Is that possible? Another options here is that instead of using tbb in map for elementwise functions we can expose gpu functions. We’re still working on the reverse mode elementwise operations for vectors and matrices but could probably do something like the below in map

template <typename Func, typename... Args>
auto map(Func& func, Args&&... args) {
  #ifdef STAN_OPENCL
  // differ to matrix_cl func/constructors
  return map_impl(func, to_matrix_cl(args)...);
  #else
  return map_impl(func, args...);
  #endif
}

Sounds all cool… I think I found out what slows down my brms program and a map won’t help. I will likely end up with lots of stanvar calls and bypass unfortunately quite a bit of brms facilities. Hopefully that can help to get this pattern into brms at some point.

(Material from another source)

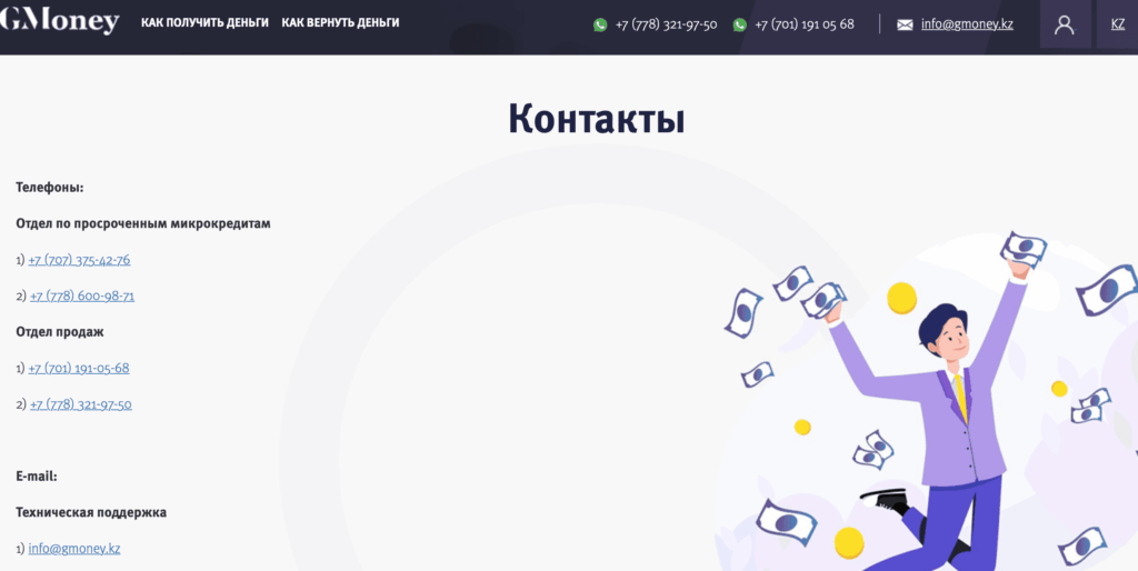 - Отдел по просроченным микрокредитам — collection@gmoney.kz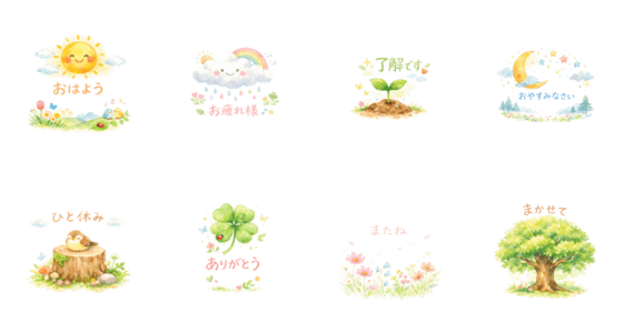 Brighten your chats with soft watercolor art Featuring a smiling sun, fluffy clouds, and flowers, these stickers are perfect for kids and families. Share smiles

I would still think a map will be useful (if used with few shared arguments)

Anything in particular? It feels like a map over loops and reduce_sum over the lpdf would probs help brms stuff while being generic’ish enough for a good lot of models

Well, brms has the bad habit of copying all the parameters to vector which correspond in size to the data set you analyse. That is not very efficient if many of these are redundant copies as is the case in my application. Avoiding that should give a decent speedup… I thought… but right now I am a little confused.

But yeah… for loops should be replaced with map’s, of course.

In this model I don’t think it’s obvious why you’d break it into a map and a reduce. Reduce sum already has a map stage.

I’d divert this as a question to @paul.buerkner, would it be easier to add generic code with parallelism if you could break up sections into just maps and others into reduce_sum? Alt Q is what sort of signature would you be looking for to add parallelism to brms?